Но он хотел сделать из своей Деревни повесть, и отсюда вышли все недостатки его произведения, которых он легко бы мог миновать, если бы ограничился бессвязными внешним образом, но дышащими одной мыслию картинами деревенского быта крестьян. Неудачна также и его попытка затянуть во внутренний мир героини его повести, и вообще из его Акулины вышло лицо довольно бесцветное и неопределенное, именно потому, что он старался сделать из нее особенно интересное лицо. К недостаткам повести принадлежат и натянутые, изысканные и вычурные местами описания природы. Но, что касается собственно до очерков крестьянского быта, это - блестящая сторона произведения г. Григоровича. Он обнаружил тут много наблюдательности и знания дела и умел высказать то и другое в образах простых, истинных, верных, с замечательным талантом. Его Деревня - одно из лучших беллетристических произведений прошлого года".
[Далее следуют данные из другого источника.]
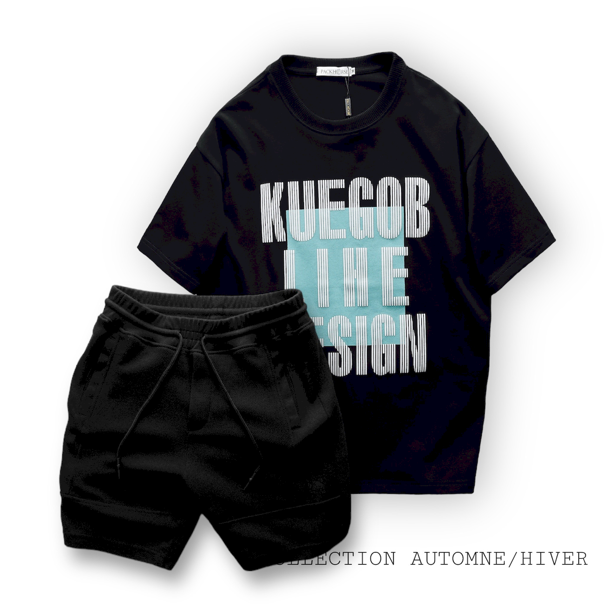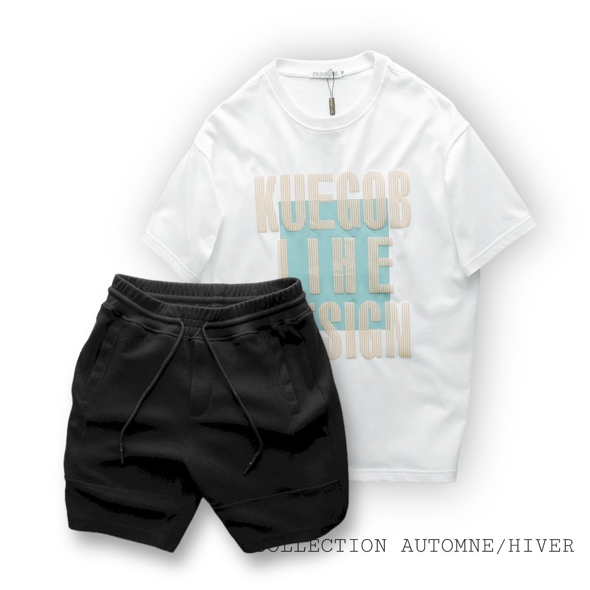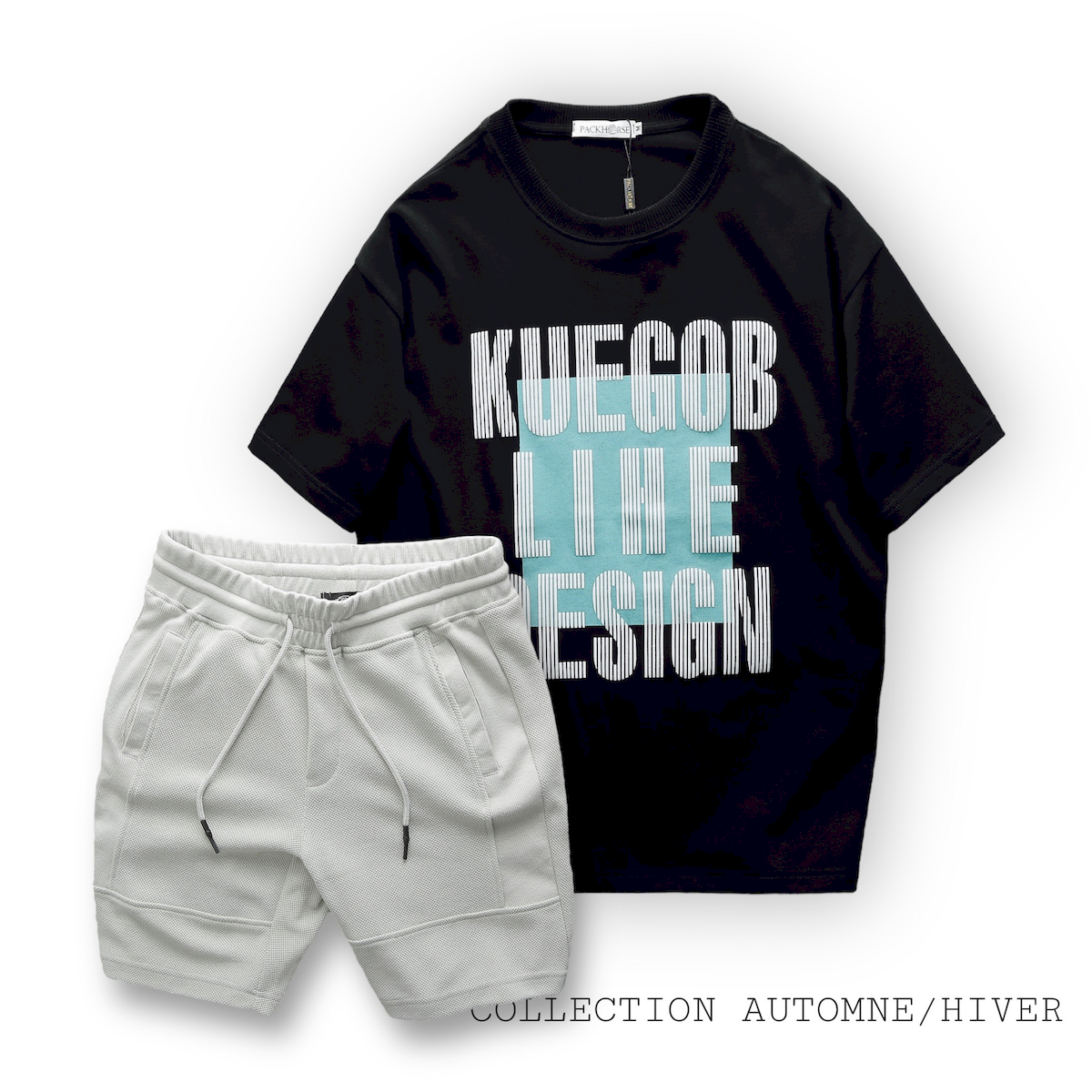 Set Bộ Nam Quần Short Thun Viền Sọc Áo Thun Cổ Tròn Pack Horse Oversize In Chữ Sọc

Так судит критик. Он прав с своей точки зрения; но прав ли он с точки зрения редактора? Редактор, отвечающий перед публикою за журнал, может ли, положа руку на сердце, признать отзыв о повести г. Григоровича - не говорю справедливым, но безвредным для современной литературы?.. Почему же не принять и противоположного взгляда на вещи? - возразят нам.

О, это дело другое! Принимайте, если вам угодно; но не считайте себя за то представителем определенного образа мыслей, не говорите о направлении, о духе своего журнала, не выдавайте противоречий и разногласных мнений, напечатанных одним шрифтом и под одною оберткой, за журнал.